Vladimir_Nesov comments on Control and security

Vladimir_Nesov Oct 16, 2016, 3:44 PM
0 points
AF
This works as a subtle argument for security mindset in AI control (while not being framed as such). One issue is that it might deemphasize some AI control problems that are not analogous to practical security problems, like detailed value elicitation (where in security you formulate a few general principles and then give up). That is, the concept of {AI control problems that are analogous to security problems} might be close enough to the concept of {all AI control problems} to replace it in some people’s minds.
- paulfchristiano Oct 16, 2016, 6:55 PM
  0 points
  AF Parent
  It seems to me like failures of value learning can also be a security problem: if some gap between the AI’s values and the human values is going to cause trouble, the trouble is most likely to show up in some adversarially-crafted setting.
  
  I do agree that this is not closely analogous to security problems that cause trouble today.
  
  I also agree that sorting out how to do value elicitation in the long-run is not really a short-term security problem, but I am also somewhat skeptical that it is a critical control problem. I think that the main important thing is that our AI systems learn to behave effectively in the world while allowing us to maintain effective control over their future behavior, and a failure of this property (e.g. because the AI has a bad conception of “effective control”) is likely to be a security problem.

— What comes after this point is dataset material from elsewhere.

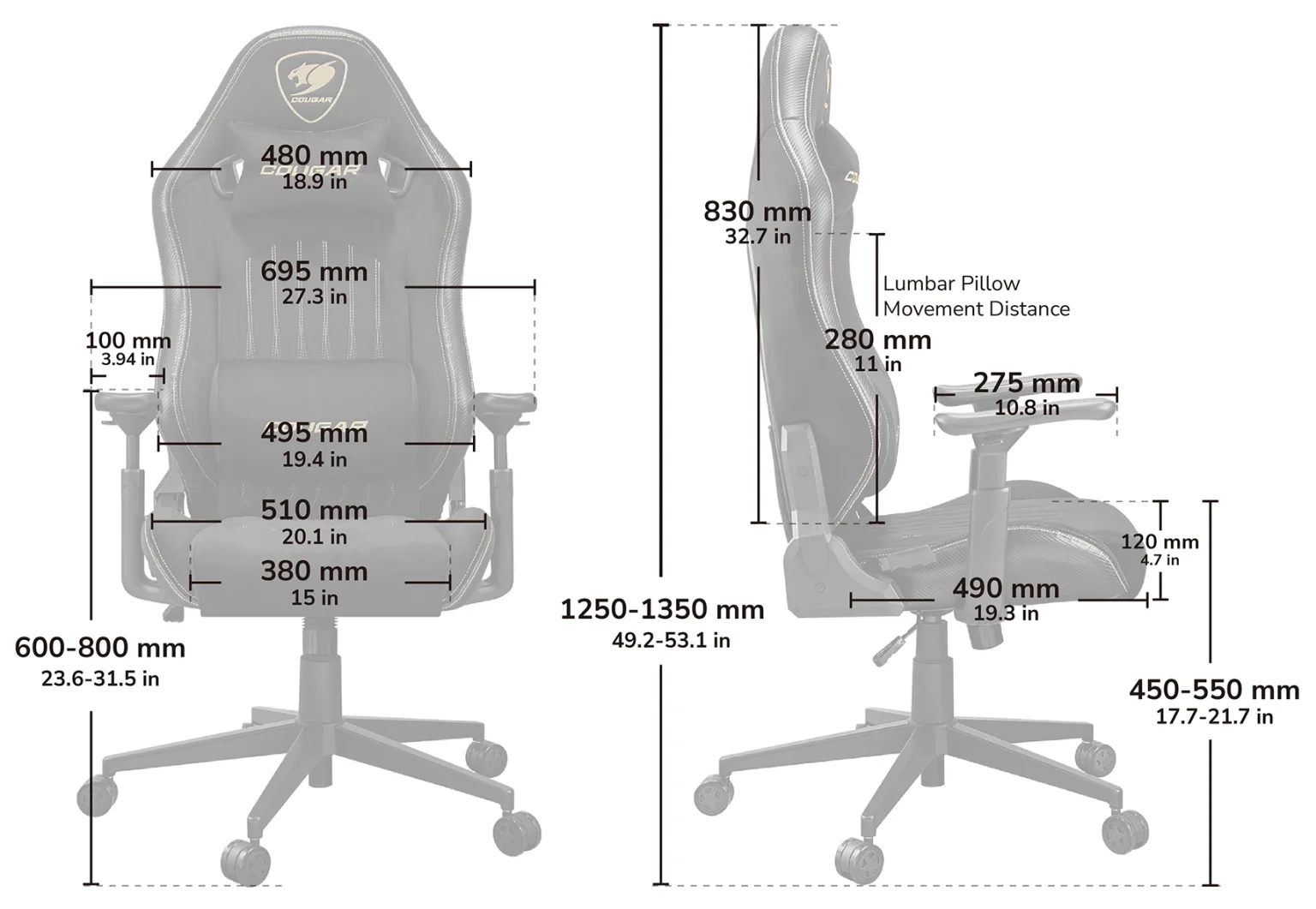 COUGAR ממשיכה לדחוף את הגבולות בשיפור עיצוב הכיסאות הארגונומיים. עיצוב מעוגל ועדין יותר בצדי המושב ובמשענת הגב מספק שטח תמיכה רחב יותר וכריות ריפוד עמידות וחזקות יותר.
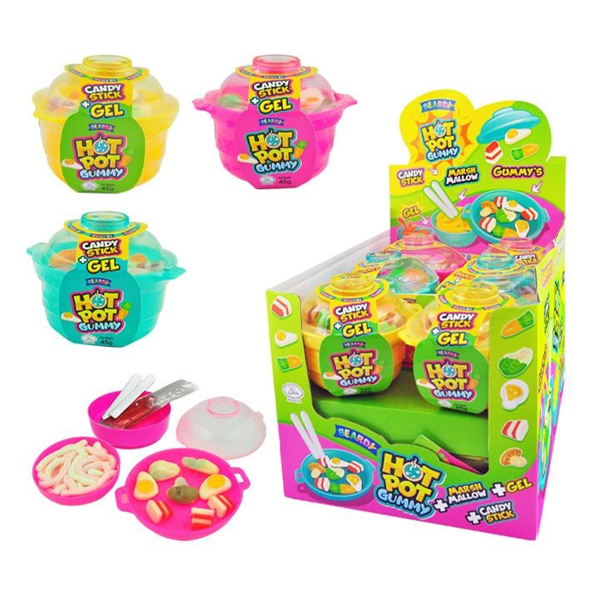 This delightful candy hot pot features candy stick chopsticks, gummy ingredients, marshmallow noodles and gel sauce all in a reusable pot! Gluten Free.

  - Vladimir_Nesov Oct 17, 2016, 9:34 AM
    0 points
    AF Parent
    I think that the main important thing is that our AI systems learn to behave effectively in the world while allowing us to maintain effective control over their future behavior
    
    This does seem sufficient to solve the immediate problem of AI risk, without compromising the potential for optimizing the world with our detailed values, provided
    
    The line between “us” that maintain control and the AI design is sufficiently blurred (via learning, uploading, prediction etc., to remove the overhead of dealing with physical humans)
    “Behave effectively” includes capability to disable potential misaligned AIs in the wild
    “Effective control” allows replacing whatever the AI is doing with something else at any level of detail.
    
    The advantage of introducing the concept of detailed values of the AI in the initial design is that it protects the setup from manipulation by the AI. If we don’t do that, the control problem becomes much more complicated. In the approach you are talking about, initially there are no explicitly formulated detailed values, only instrumental skills and humans.
    
    So it’s a tradeoff: solving the value elicitation/use problem makes AIs easier to control, but if it’s possible to control an AI anyway, the problem could initially remain unsolved. I’m skeptical that it’s possible to control an AI other than by giving it completely defined values (so that it learns further details by further examining the fixed definition), if that AI is capable enough to prevent AI risk from other AIs.